One-way ANOVA: one independent variable with multiple levels
Two-way ANOVA: two independent variables (can test for interaction effects)
Repeated measures ANOVA: same subjects measured under multiple conditions

Assumptions: normality, homogeneity of variance across groups, and independence of observations.

Assumptions and Limitations

Every statistical test rests on assumptions. Violating them can produce unreliable results, so you should always check before running a test.

Normality Assumption

Many parametric tests assume the data (or residuals) follow a normal distribution. You can assess this with:

Visual methods: Q-Q plots, histograms
Formal tests: Shapiro-Wilk test

The good news: most parametric tests are fairly robust to mild violations of normality, especially with larger samples. The Central Limit Theorem helps here, since sample means tend toward normality as $n$ increases regardless of the population shape. For severe violations, consider transforming the data (e.g., log transform) or switching to a non-parametric test.

Independence Assumption

Observations must be independent of one another. If one data point influences another, standard error estimates become unreliable.

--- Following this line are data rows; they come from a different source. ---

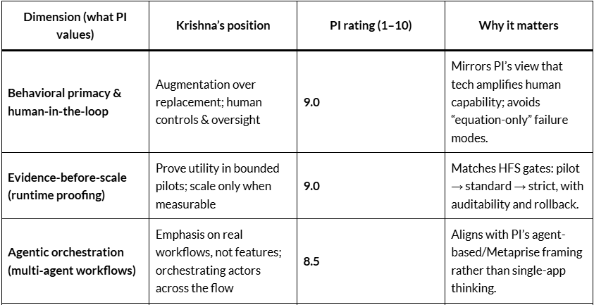 Overall alignment: 8.6 / 10 (Strong) Krishna’s message—start in low-risk domains, prove value with humans in the loop, then scale to mission-critical with tight governance—maps closely to PI’s long-held “people-first, evidence-before-scale” doctrine.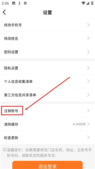 3、进入【设置】页面后,找到【注销账号】这一选项,点击它会弹出账号注销的确认窗口,以此为账号注销操作做好准备。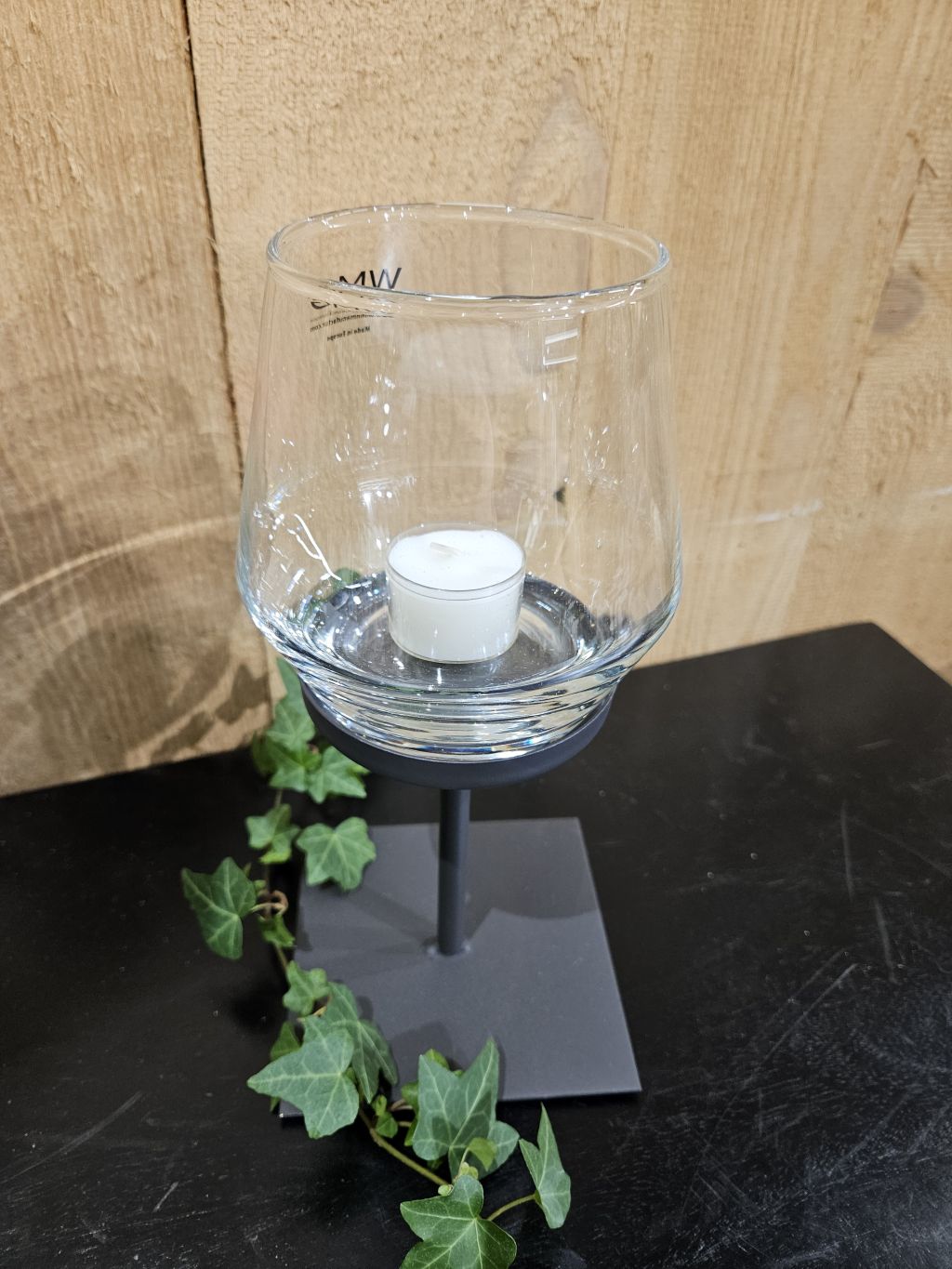 Svietnik zo skla na kovovej konštrukcii. Výška stojanu je 15cm, so svietnikom 26cm. Kahanček nieje súčasťou balenia.

This assumption is violated in repeated measures designs, clustered data (students within classrooms), or time-series data. Specialized methods like mixed-effects models can handle these situations. Proper random sampling and experimental design are the best ways to ensure independence from the start.

Homogeneity of Variance

Many tests (independent samples t-test, ANOVA) assume equal variances across groups. You can check this with Levene's test or by visually comparing spread in boxplots.

When variances are unequal:

For two groups: use Welch's t-test, which adjusts the degrees of freedom
For multiple groups: use Welch's ANOVA or apply a variance-stabilizing transformation

Violations of this assumption tend to inflate the Type I error rate, meaning you might reject $H_0$ more often than you should.

Interpreting Results

Getting a p-value is only half the job. Interpreting what it means in context is where the real thinking happens.

Null vs alternative hypotheses, Hypothesis Testing (5 of 5) | Concepts in Statistics

Statistical vs. Practical Significance

A result can be statistically significant but practically meaningless. With a large enough sample, even a tiny, trivial difference can produce $p < 0.05$ . For example, a study with 100,000 participants might find that a new teaching method improves test scores by 0.1 points on a 100-point scale. That's statistically significant but not useful.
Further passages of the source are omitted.